Update README.md

2b3afaf verified 12 days ago

2.99 kB

language:
  - multilingual
pipeline_tag: translation
tags:
  - universal-translation
  - nmt
  - transformer
  - encoder-decoder
  - pytorch
license: apache-2.0
datasets:
  - code-with-zeeshan/UTS-Datasets
library_name: universal-translation-system

Universal Translation System

A compact, production-ready multilingual neural machine translation model supporting 20 languages (190 language pairs).

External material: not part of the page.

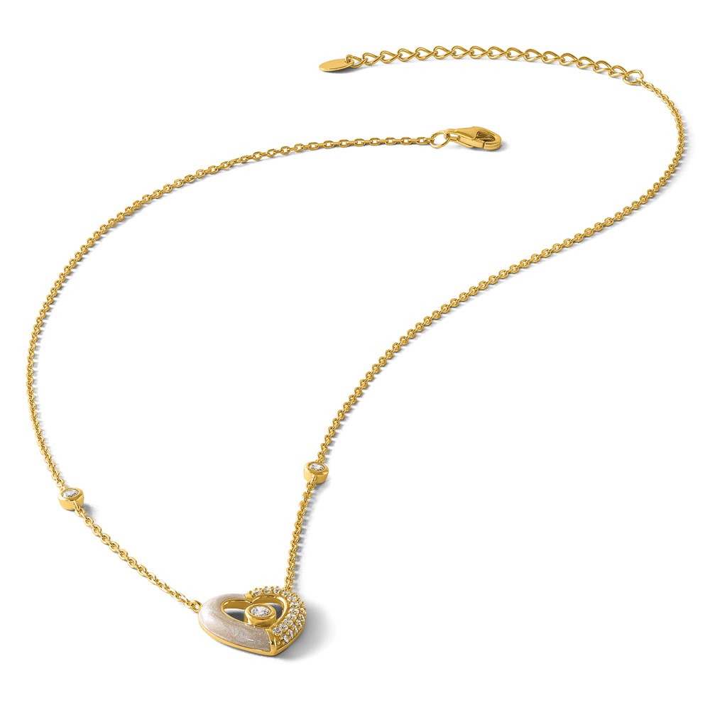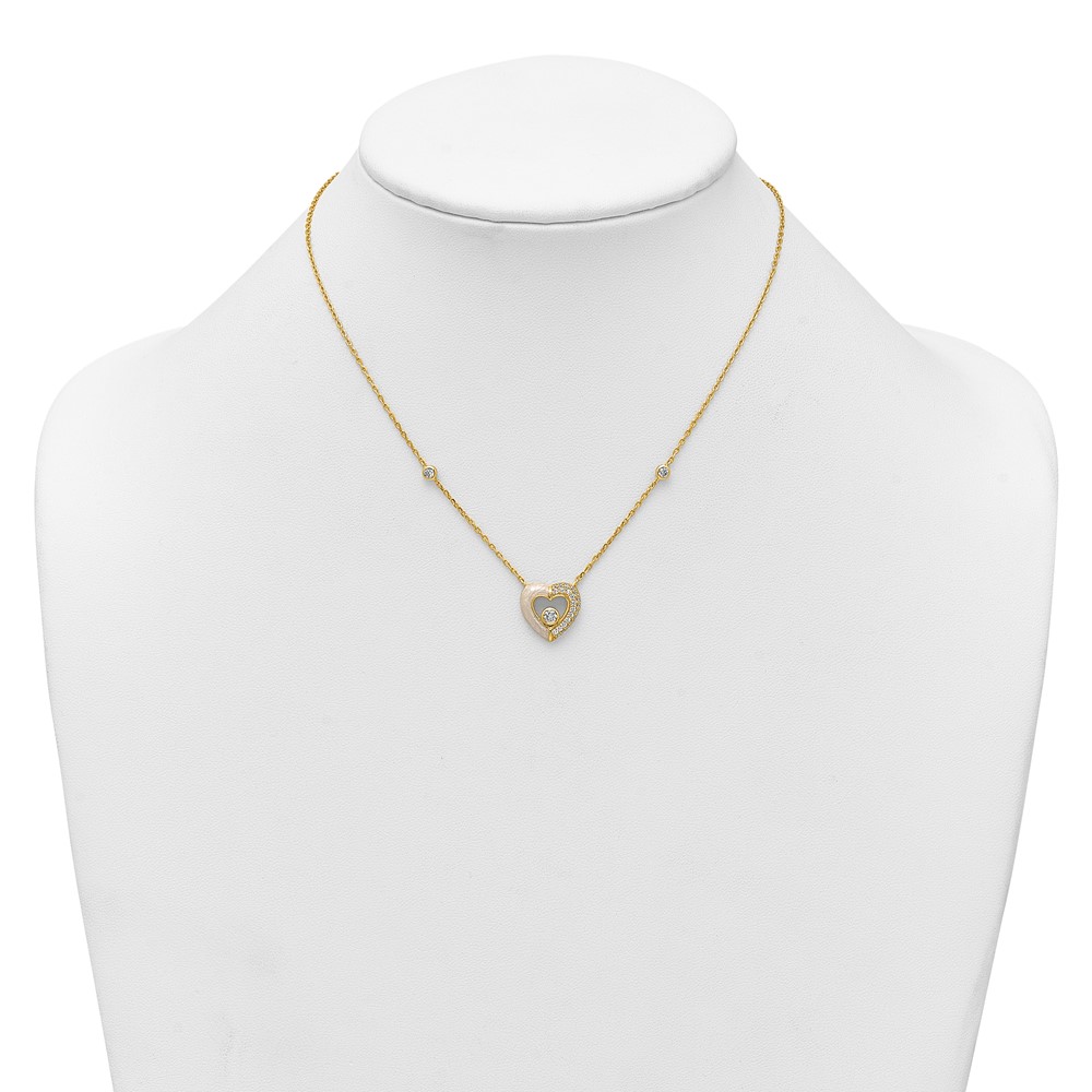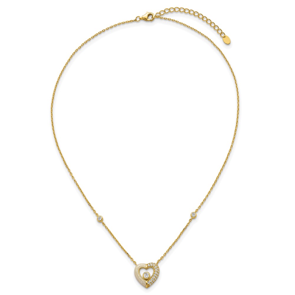 Sterling Silver Gold-tone Polished CZ and Champagne Enamel Open Heart 16 inch with 2 inch Extension Necklace

Trained on curated OPUS-100 data with synthetic augmentation, knowledge distillation, and neural quality filtering.

Model Architecture

Component	Configuration
Encoder	6-layer Transformer, 512 hidden dim, 8 heads
Decoder	8-layer Transformer, 768 hidden dim, 12 heads
Vocab	32K tokens, script-grouped (latin, cjk, arabic, devanagari, cyrillic, thai)
Params	~40MB (compact), ~150M total
Precision	BF16 mixed-precision training

Supported Languages

Group	Languages
Latin	en, es, fr, de, it, pt, nl, sv, pl, id, vi, tr
CJK	zh, ja, ko
Arabic	ar
Devanagari	hi
Cyrillic	ru, uk
Thai	th

Usage

Via the CLI (`uts`)

# Translate a sentence
uts serve --config config/base.yaml
curl -X POST http://localhost:8000/translate \
  -H "Content-Type: application/json" \
  -d '{"text": "Hello world", "source": "en", "target": "es"}'

Via Python

from runtime.encoder.universal_encoder import UniversalEncoder
from runtime.cloud_decoder import OptimizedUniversalDecoder

encoder = UniversalEncoder.from_pretrained("code-with-zeeshan/Universal-Translation-System")
decoder = OptimizedUniversalDecoder.from_pretrained("code-with-zeeshan/Universal-Translation-System")
# See docs/API.md for full inference examples

Via Hugging Face Hub

from transformers import AutoModelForSeq2SeqLM, AutoTokenizer

model = AutoModelForSeq2SeqLM.from_pretrained("code-with-zeeshan/Universal-Translation-System")
tokenizer = AutoTokenizer.from_pretrained("code-with-zeeshan/Universal-Translation-System")

Training

The model was trained using the Universal Translation System pipeline:

Data pipeline — OPUS-100 download, sampling, augmentation (false friends, idioms, backtranslation), COMET quality filtering
Knowledge distillation — NLLB-3.3B teacher → compact student
Vocabulary — Script-grouped SentencePiece tokenizer (32K per group)
Training — BF16 mixed-precision, dynamic batch sizing, gradient checkpointing. ~10 epochs with cosine LR schedule.

Evaluation

Metric	Score
BLEU (average across 190 pairs)	Coming soon
COMET (average)	Coming soon

Files

encoder/ — Universal encoder weights
decoder/ — Optimized decoder weights
vocab/ — Script-grouped vocabulary packs
config.yaml — Training configuration used for this model

License

Apache 2.0